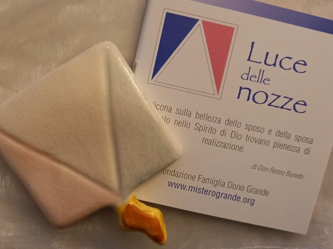In ricordo di questa giornata il Vescovo Bresciani ha donato, ad ogni coppia, una calamita che raffigura la ‘Luce delle nozze’, “un’icona sulla bellezza dello sposo e della sposa che solo nello Spirito di Dio trovano pienezza di realizzazione” di Don Renzo Bonetti, Fondazione Famiglia Dono Grande.
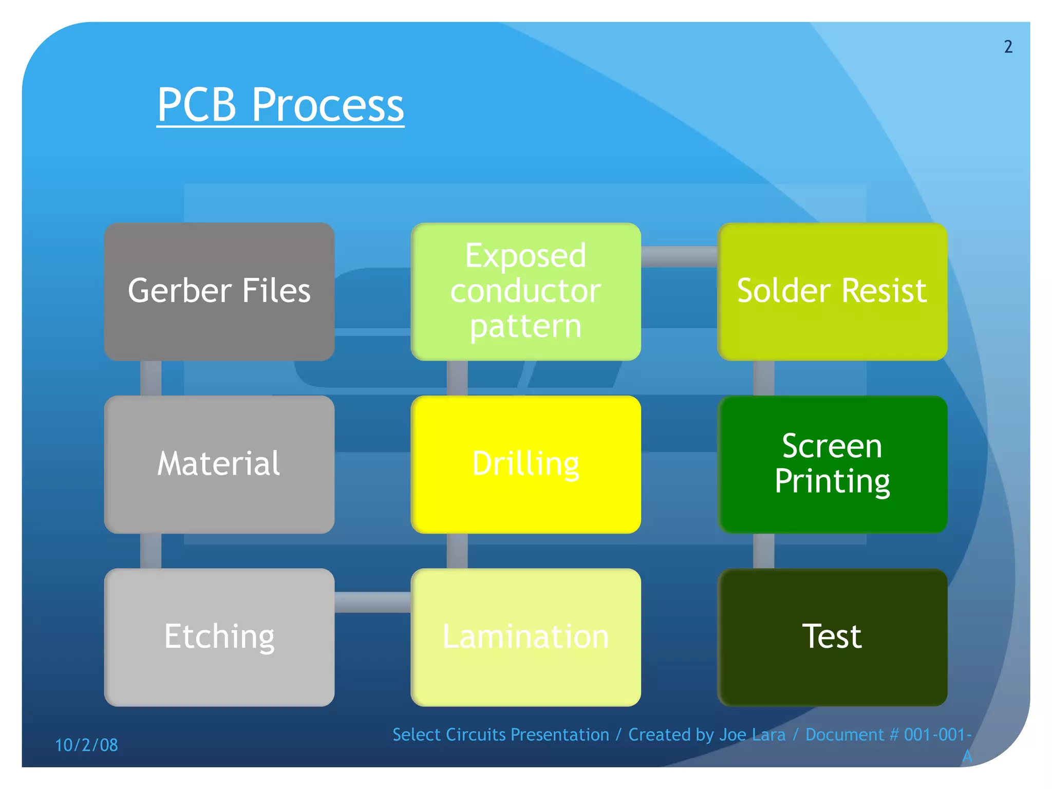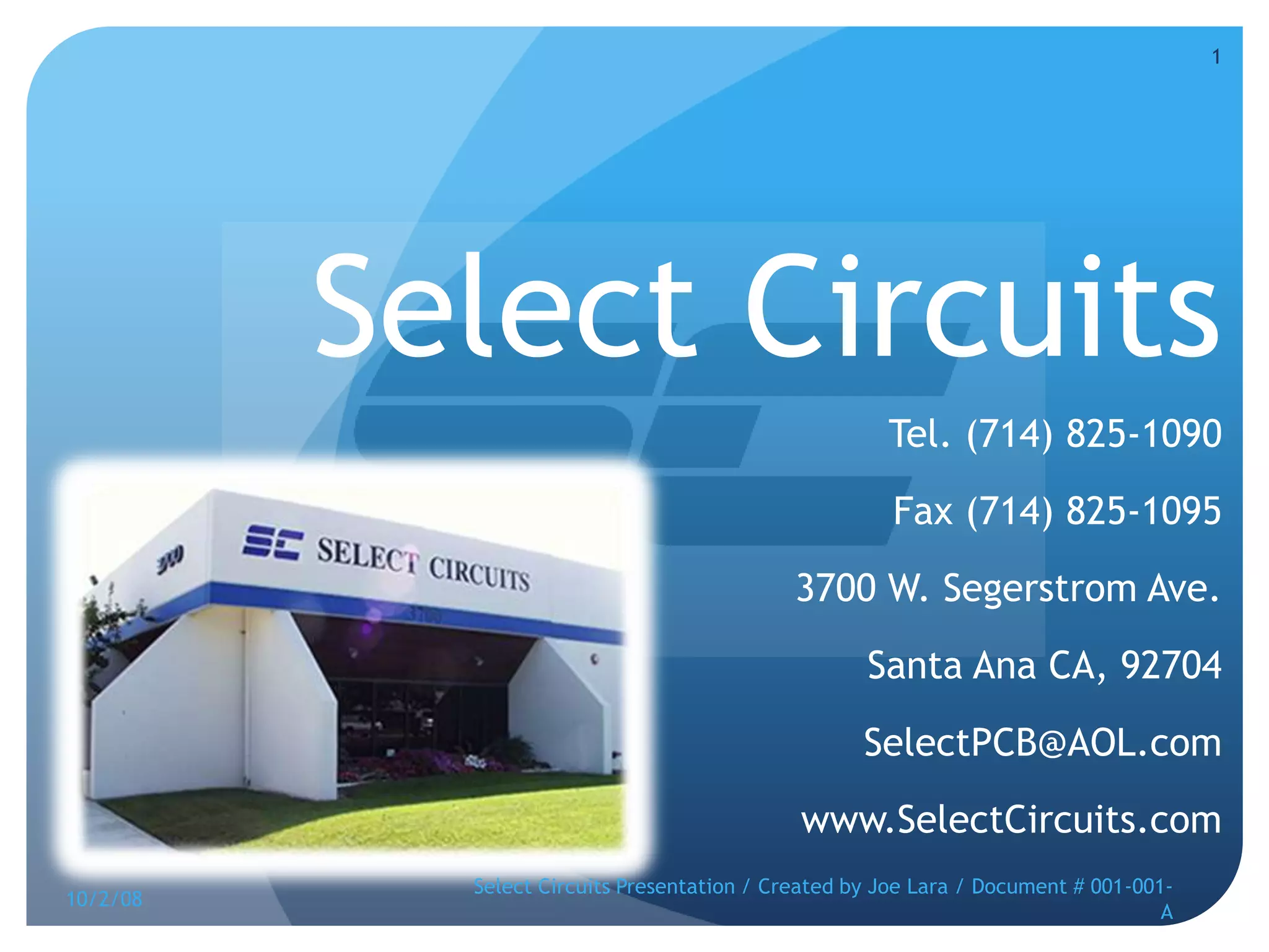 The document is a presentation from Select Circuits that discusses their printed circuit board (PCB) manufacturing process. It covers the various stages of PCB production including inner layer layup, materials used, drilling, silk screening, solder masking, heat sinks, surface finishes, and gold plating of connectors. It also provides information on Select Circuits' prototype, small run, and large volume production capabilities.
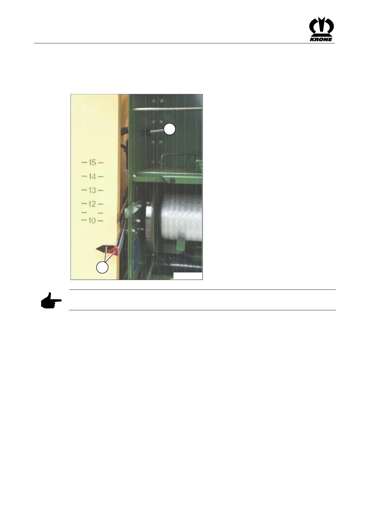2. Manually raise the baling pressure indicators (1) to the desired position (bale diameter) (e.g.
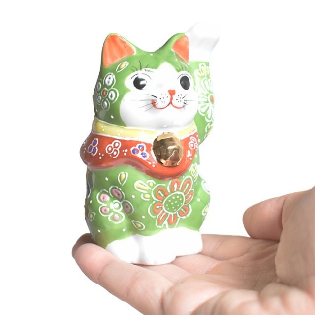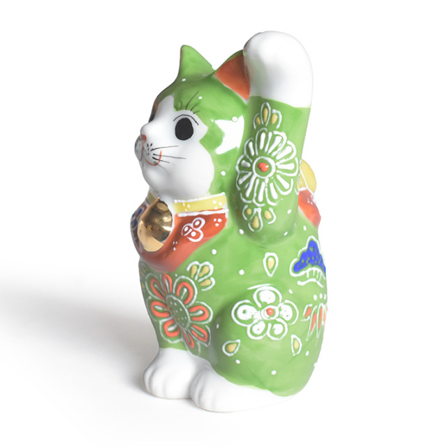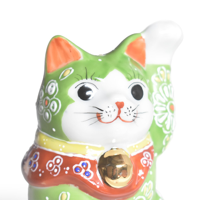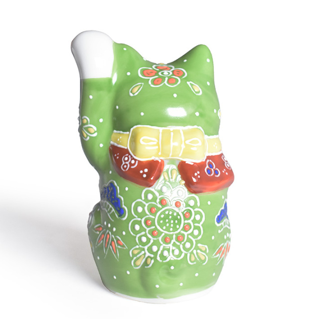 新緑を思わせる黄緑を纏い コンパクトな大きさながらお部屋に飾って頂いても存在感を放つちょうど良いサイズ感の招き猫です。古くから親しまれている定番と言える招き猫の形状に仕上げられています。少し小さめで、それでいて趣もある招き猫らしい招き猫をお探しの皆様にお薦めの作品です。 九谷焼の伝統的な置物の絵付け技法、凸(デコ)盛技法で立体的に彩色された作品です。自然の息吹を感じる、そんな生命力あふれる黄緑色を纏って招き猫です。 ※製作に使用されています磁器粘土に含まれる鉄分が焼成後に小さな黒い点として作品表面に見られる事と粘土の粒子による小さな凹凸がある場合がございますこと、ご了承お願い致します。また薄い色合いの絵具で塗り込まれている部分には塗ムラや濃淡がありますこともご了承お願い致します。 ※置物に描かれている金色は焼成の際の温度差によるくすみ色ムラがあります。また作品ごとに絵柄の配置や配色に若干違いがある場合もございます。 ※ご紹介中の作品写真は撮影用の作品となりますので実際お求め頂く作品と色の濃淡や絵柄の配置位置などに若干違いがございますことご了承お願い致します。 |

• [Your task]:
Starting from the line that contains "2. Manually raise", transcribe exactly each line down to the final line of the material above, excluding every picture and adding nothing else.

• [Answer to this exercise]:
2. Manually raise the baling pressure indicators (1) to the desired position (bale diameter) (e.g.
 新緑を思わせる黄緑を纏い コンパクトな大きさながらお部屋に飾って頂いても存在感を放つちょうど良いサイズ感の招き猫です。古くから親しまれている定番と言える招き猫の形状に仕上げられています。少し小さめで、それでいて趣もある招き猫らしい招き猫をお探しの皆様にお薦めの作品です。 九谷焼の伝統的な置物の絵付け技法、凸(デコ)盛技法で立体的に彩色された作品です。自然の息吹を感じる、そんな生命力あふれる黄緑色を纏って招き猫です。 ※製作に使用されています磁器粘土に含まれる鉄分が焼成後に小さな黒い点として作品表面に見られる事と粘土の粒子による小さな凹凸がある場合がございますこと、ご了承お願い致します。また薄い色合いの絵具で塗り込まれている部分には塗ムラや濃淡がありますこともご了承お願い致します。 ※置物に描かれている金色は焼成の際の温度差によるくすみ色ムラがあります。また作品ごとに絵柄の配置や配色に若干違いがある場合もございます。 ※ご紹介中の作品写真は撮影用の作品となりますので実際お求め頂く作品と色の濃淡や絵柄の配置位置などに若干違いがございますことご了承お願い致します。 |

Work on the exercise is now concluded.